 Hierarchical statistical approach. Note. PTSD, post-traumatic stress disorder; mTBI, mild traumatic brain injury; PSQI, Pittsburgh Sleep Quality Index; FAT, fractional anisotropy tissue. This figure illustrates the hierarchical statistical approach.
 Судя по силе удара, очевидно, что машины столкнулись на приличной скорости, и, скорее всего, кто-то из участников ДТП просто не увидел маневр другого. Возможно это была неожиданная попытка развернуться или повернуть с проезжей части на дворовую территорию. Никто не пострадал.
__________________________________________________
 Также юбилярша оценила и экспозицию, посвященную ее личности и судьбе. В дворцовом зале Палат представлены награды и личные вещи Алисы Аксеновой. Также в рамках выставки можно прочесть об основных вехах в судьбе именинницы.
__________________________________________________
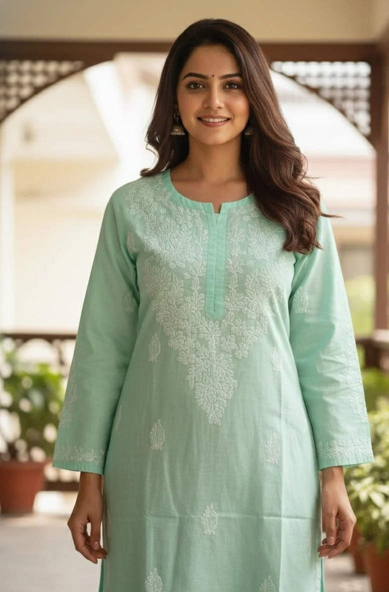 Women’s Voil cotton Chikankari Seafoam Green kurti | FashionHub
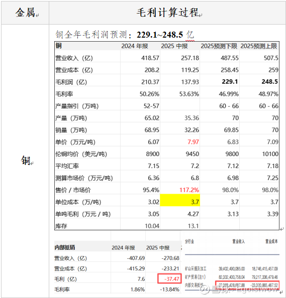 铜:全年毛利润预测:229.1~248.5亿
__________________________________________________
§ Your assignment:
A word-for-word copy of the lines above from the one with "Hierarchical statistical approach. Note." through the one with "Судя по силе", inclusive, is the only output wanted.

§ Response to the task:
 Hierarchical statistical approach. Note. PTSD, post-traumatic stress disorder; mTBI, mild traumatic brain injury; PSQI, Pittsburgh Sleep Quality Index; FAT, fractional anisotropy tissue. This figure illustrates the hierarchical statistical approach.
 Судя по силе удара, очевидно, что машины столкнулись на приличной скорости, и, скорее всего, кто-то из участников ДТП просто не увидел маневр другого. Возможно это была неожиданная попытка развернуться или повернуть с проезжей части на дворовую территорию. Никто не пострадал.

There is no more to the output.